Он вошёл. Снял ботинки. Посмотрел на кухню — пять метров, стол у окна, табуретка, холодильник «Атлант» ещё тех времён. Потом посмотрел на меня. Я стояла, чуть сместив вес на левую ногу, потому что правая ныла от утренней сырости.

– Ты хромаешь, — сказал он.

– Не хромаю. Нога затекла.

– Мам.

Он сел на табуретку. Руки на коленях. Я увидела, что он бледный. Не с дороги — от злости. Костя злился тихо, без крика. Как отец. Только Олег при этом уходил, а Костя — наоборот, садился и не двигался.

– Я позвонил в клинику, — сказал он. — Назвался сыном пациентки Дорошиной. Мне рассказали всё. Четыреста восемьдесят. Без учёта палаты и анестезии — ещё тысяч сорок.

Я молчала.

– У меня есть триста пятьдесят. Это мои накопления. Остальное найду.

– Нет, — сказала я.

– Мам.

– Костя, нет. Это твои деньги. Ты на них жильё копил.

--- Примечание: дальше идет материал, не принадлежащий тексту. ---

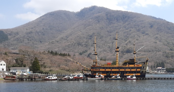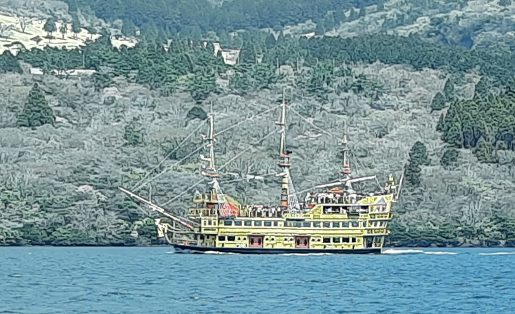 Another interesting day today, using our provided Hakone freedom pass, we caught a bus outside the accommodation to Gora to then take the Hakone Tozan Cable Car up the mountain to the Hakone Ropeway, stopping at the top in Owakudani to view the sulphur springs, the interesting thing there was the Black Egg shop, which sold eggs boiled and treated in the sulphur springs, which turned the shell black. We then descended on the ropeway to Lake Ashi for our cruise on one of the mock pirate ships down to Hakonemachi-Ko. Back on another bus to go to the Mishima Skyway, Japan’s longest suspension bridge, to walk across to see all the activities on offer and to have lunch. We then returned by bus to Motohakone-Ko to board another pirate ship back up the lake to Togendai on our return home.
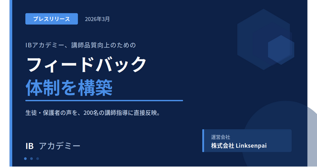 株式会社Linksenpai(所在地:東京都渋谷区、代表取締役:吉田志織)が運営するIB(国際バカロレア)専門オンライン家庭教師サービス「IBアカデミー」は、2026年3月、生徒・保護者からのフィードバックを講師に直接届ける専用体制を導入しました。登録講師数が200名を超えた現在、講師全員が均一に高品質な指導を提供できる環境づくりの一環として実施します。
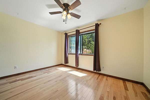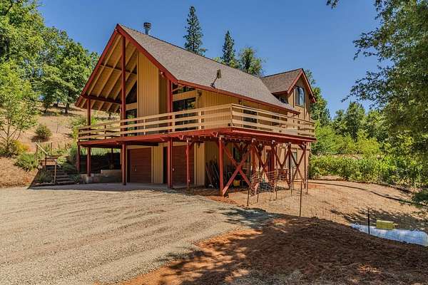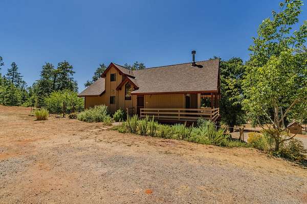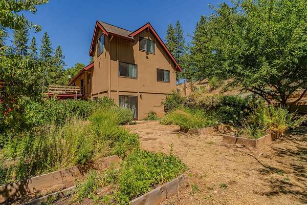 This picturesque mountain home is the homesteaders dream property! If you have ever dreamed of living a more self sufficient life style this would be a great opportunity for you! This property offers a large garden area with lots of water storage, raised beds and organic soil as well as 2 pasture areas for your livestock! Beautiful Chalet style home primary bedroom and bathroom are upstairs with a seating area overlooking the living room. Huge deck that wraps around 3 sides of the home and can be accessed from the front door as well as the dining/living room. Deck also offers a claw foot tub for your bathing pleasure. The living/dining room offer spacious living and are open to the kitchen. There are 2 bedrooms and a full bathroom on this level as well. The garage is in the basement area with laundry facilities and a walk out family room with extra pantry closet. There are numerous fruit trees and 2 small pastures waiting for your livestock. There is a second driveway with access to the garden area for easy delivery of soil etc. Lots of room for kids to run or peace and quiet too! Call to see this beautiful property today!
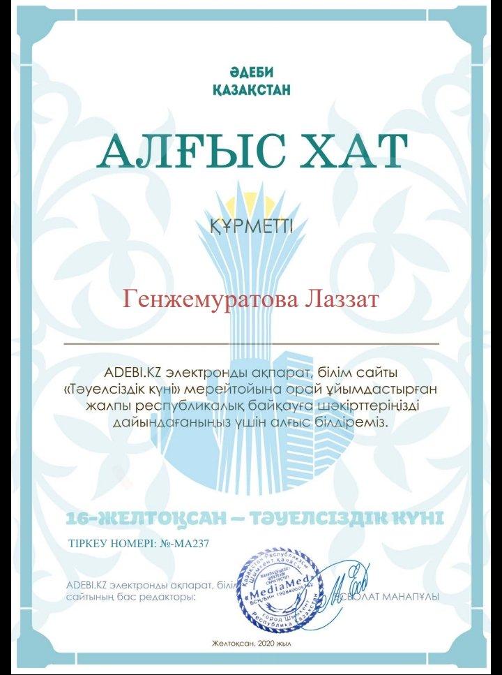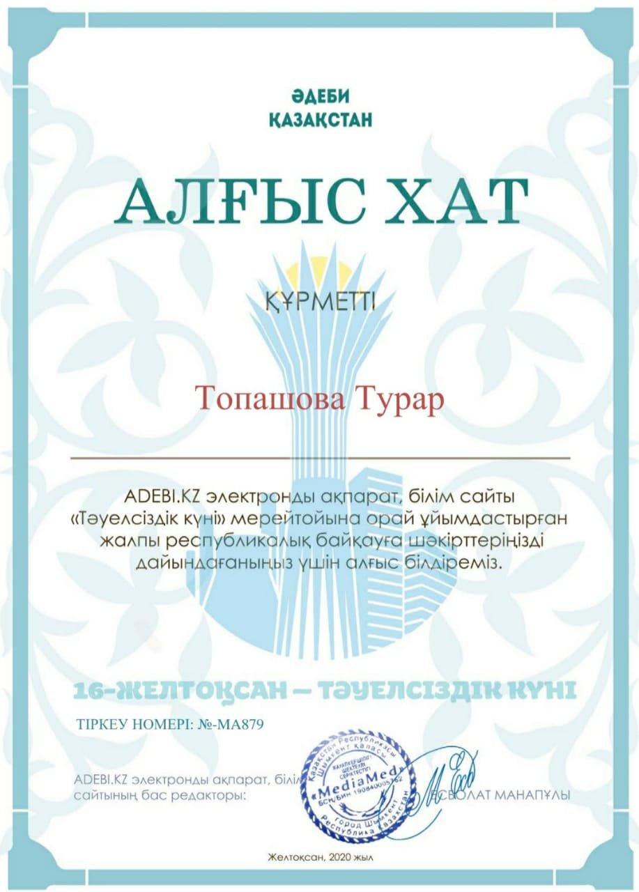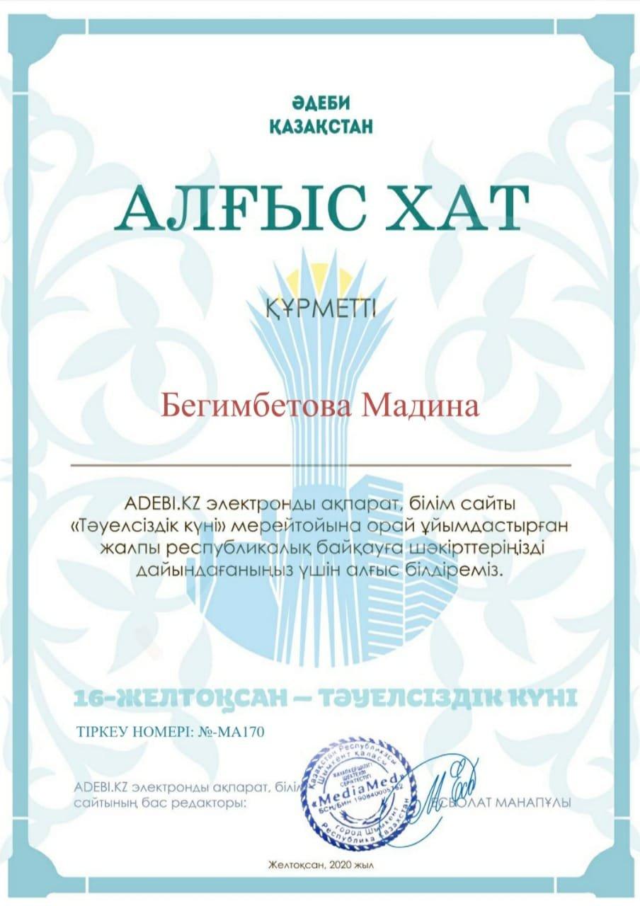 Мұғалімдер жетістігі 13.12-15.12 .2020 жыл » Ыбырай Алтынсарин атындағы орта мектебі

– Какое жильё, мам? У тебя колено не сгибается. Ты через полгода ходить не сможешь. Тебе пятьдесят шесть лет.

Я почувствовала, как горло стянуло. Не от обиды. От стыда. Он назвал мой возраст вслух, и я услышала его со стороны — пятьдесят шесть. Не старуха. Но и не молодая. Самый неудобный возраст — когда тело уже подводит, а до пенсии ещё работать и работать.

– Я подожду квоту, — сказала я.

– Четырнадцать месяцев? Через четырнадцать месяцев ты можешь не дойти до операционной. Мне это в клинике тоже сказали.

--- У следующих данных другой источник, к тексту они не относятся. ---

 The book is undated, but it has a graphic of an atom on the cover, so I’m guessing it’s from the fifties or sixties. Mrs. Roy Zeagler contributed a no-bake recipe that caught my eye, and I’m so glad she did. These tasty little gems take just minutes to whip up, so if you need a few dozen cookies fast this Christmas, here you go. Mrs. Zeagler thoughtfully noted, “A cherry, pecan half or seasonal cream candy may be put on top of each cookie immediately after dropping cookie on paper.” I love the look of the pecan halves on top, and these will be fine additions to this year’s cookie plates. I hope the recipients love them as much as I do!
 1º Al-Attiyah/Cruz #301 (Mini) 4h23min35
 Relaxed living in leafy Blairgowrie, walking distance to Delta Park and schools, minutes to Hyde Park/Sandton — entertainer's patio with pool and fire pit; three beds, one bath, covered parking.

Мы замолчали. За окном гудел трамвай. Машинка стояла в углу, накрытая чехлом. Я давно не шила — педаль не слушалась, колено не давало нажимать ровно. Три недели без заказов. Три недели без дохода, если не считать пенсионную подработку — гладила бельё для соседнего отеля, но это копейки.

– Мам, ну нормально же, — сказал Костя. Тихо. Почти себе.

И я вздрогнула.

Потому что это были мои слова. Именно так я отвечала ему каждый раз, когда он спрашивал, как дела. Нормально. Ну нормально же. Не лезь. Не трогай. Я справляюсь.

И вот он повторил — и я услышала, как это звучит. Не как ответ. Как стена.

– Это я тебе обычно так говорю, — сказал он. — Когда ты спрашиваешь, как у меня дела. Ну нормально же, мам. Не лезь.

Я посмотрела на него. Он сидел на табуретке, длинный, сутулый, и смотрел на свои руки.

– И ты же понимаешь, что это враньё? — спросил он.

Я не ответила. Но он и не ждал.

– У меня триста пятьдесят тысяч, — повторил он. — Не хватает сто тридцать. Я найду.

Он ушёл через час. Я осталась одна в кухне. Села на табуретку, которая ещё хранила его тепло, и сидела так до темноты.

Через два дня Костя позвонил и сказал, что нашёл недостающие деньги.

– Откуда? — спросила я.

– Неважно, мам. Нашёл.

Я промолчала. Потом спросила:

– Ты же не в долги влез?

– Нет.

Он соврал. Я чувствовала — соврал. Но давить не стала. Потому что тогда он спросит, откуда я знаю, и начнётся разговор, к которому ни он, ни я не были готовы.

Через три дня в дверь позвонили.

Я открыла, думая — почта, соседка, мастер по счётчикам. На пороге стоял Олег.

Бывший муж. Ушёл девять лет назад к Ларисе. Без скандала, без битья посуды. Просто собрал сумку и сказал — прости, Нина, больше не могу. И ушёл.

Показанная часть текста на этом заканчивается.